- Crystal Springs Crystal Springs's position in Arkansas. Crystal Springs Crystal Springs (the United States)
- Coordinates: 34°31′29″N 93°20′01″W﻿ / ﻿34.52472°N 93.33361°W
- Country: United States
- State: Arkansas
- County: Garland
- Elevation: 666 ft (203 m)

Population (2020)
- • Total: 129
- Time zone: UTC-6 (Central (CST))
- • Summer (DST): UTC-5 (CDT)
- GNIS feature ID: 2805634

= Crystal Springs, Arkansas =

Crystal Springs (also spelled Crystalsprings) is an unincorporated community and census-designated place (CDP) in Garland County, Arkansas, United States. It was first listed as a CDP in the 2020 census with a population of 129.

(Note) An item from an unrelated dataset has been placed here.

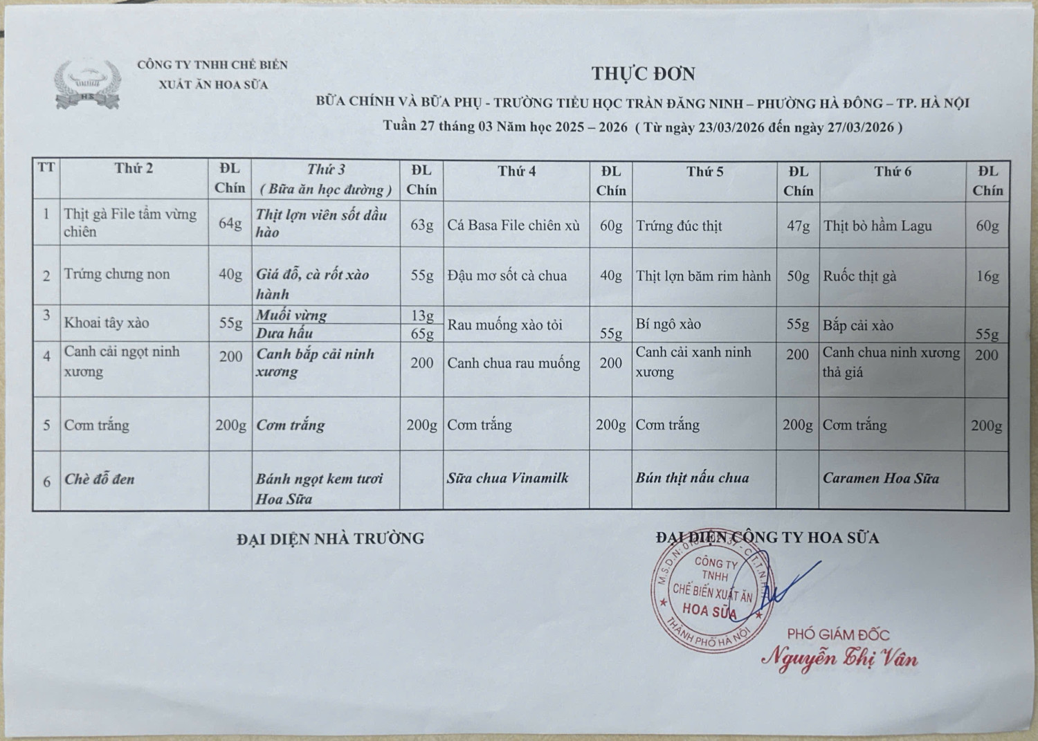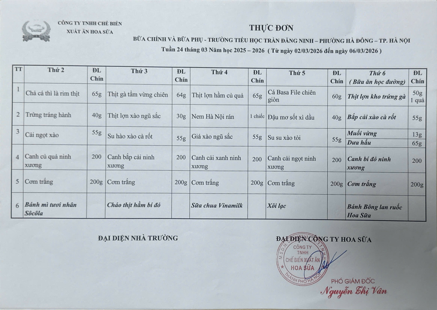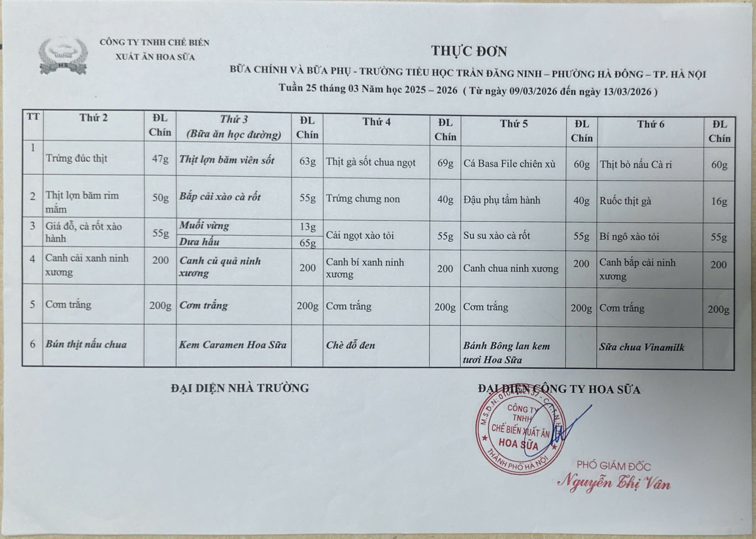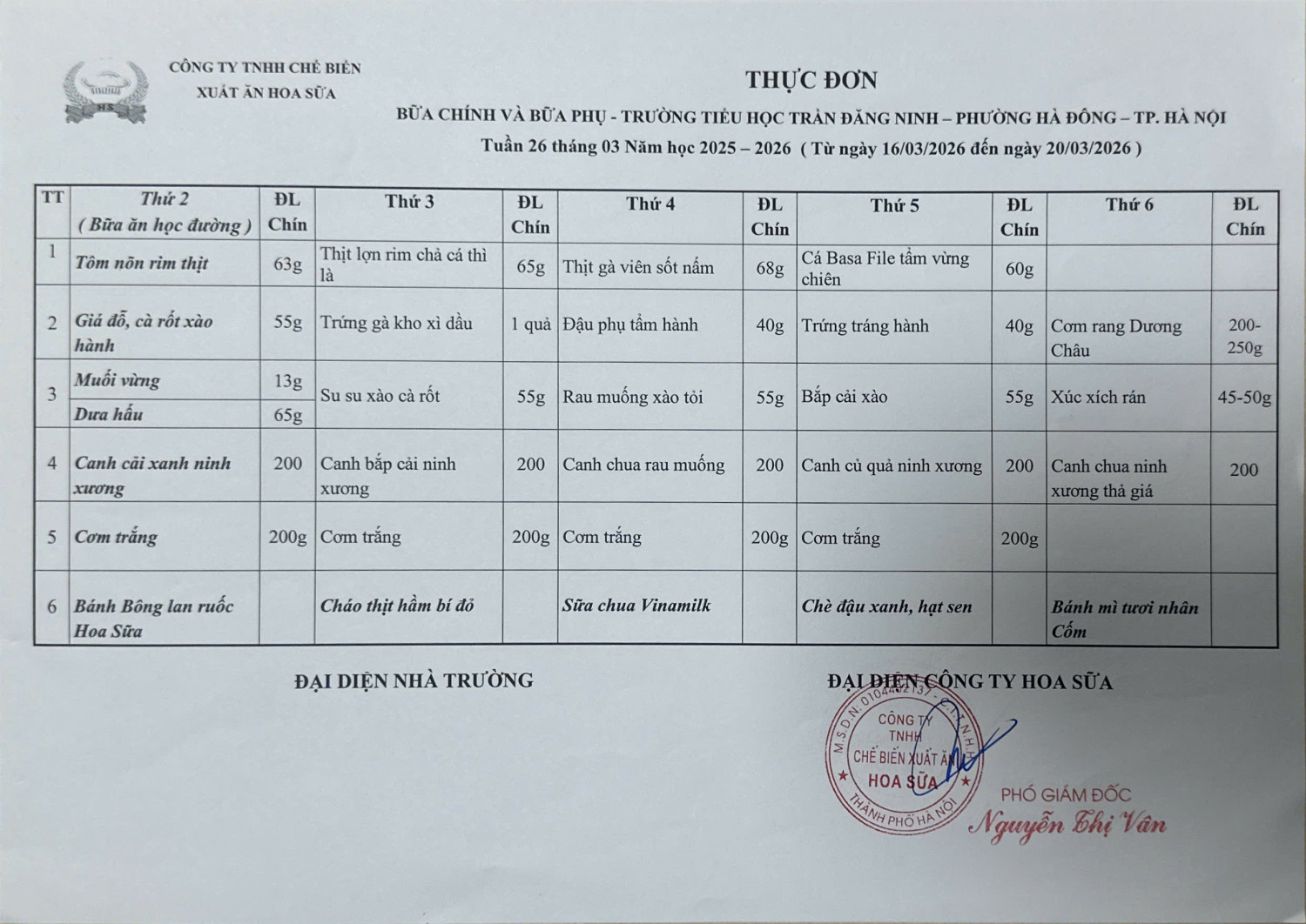 Thực đơn bán trú trường Tiểu học Trần Đăng Ninh tuần 24, tuần 25, tuần 26, tuần 27 (từ 02/3/2026-27/3/2026)

On April 25, 2011, a tornado associated with the 2011 Super Outbreak hit the Crystal Springs area, destroying houses in nearby Sunshine.

==Demographics==

Historical population
| Census | Pop. | Note | %± |
| 2020 | 129 |  | — |
U.S. Decennial Census 2020

===2020 census===

Crystal Springs CDP, Arkansas – Racial and ethnic composition Note: the US Census treats Hispanic/Latino as an ethnic category. This table excludes Latinos from the racial categories and assigns them to a separate category. Hispanics/Latinos may be of any race.
| Race / Ethnicity (NH = Non-Hispanic) | Pop 2020 | % 2020 |
|---|---|---|
| White alone (NH) | 113 | 87.60% |
| Black or African American alone (NH) | 0 | 0.00% |
| Native American or Alaska Native alone (NH) | 1 | 0.78% |
| Asian alone (NH) | 0 | 0.00% |
| Pacific Islander alone (NH) | 0 | 0.00% |
| Some Other Race alone (NH) | 0 | 0.00% |
| Mixed Race or Multi-Racial (NH) | 9 | 6.98% |
| Hispanic or Latino (any race) | 6 | 4.65% |
| Total | 129 | 100.00% |

==Education==
It is in the Lake Hamilton School District.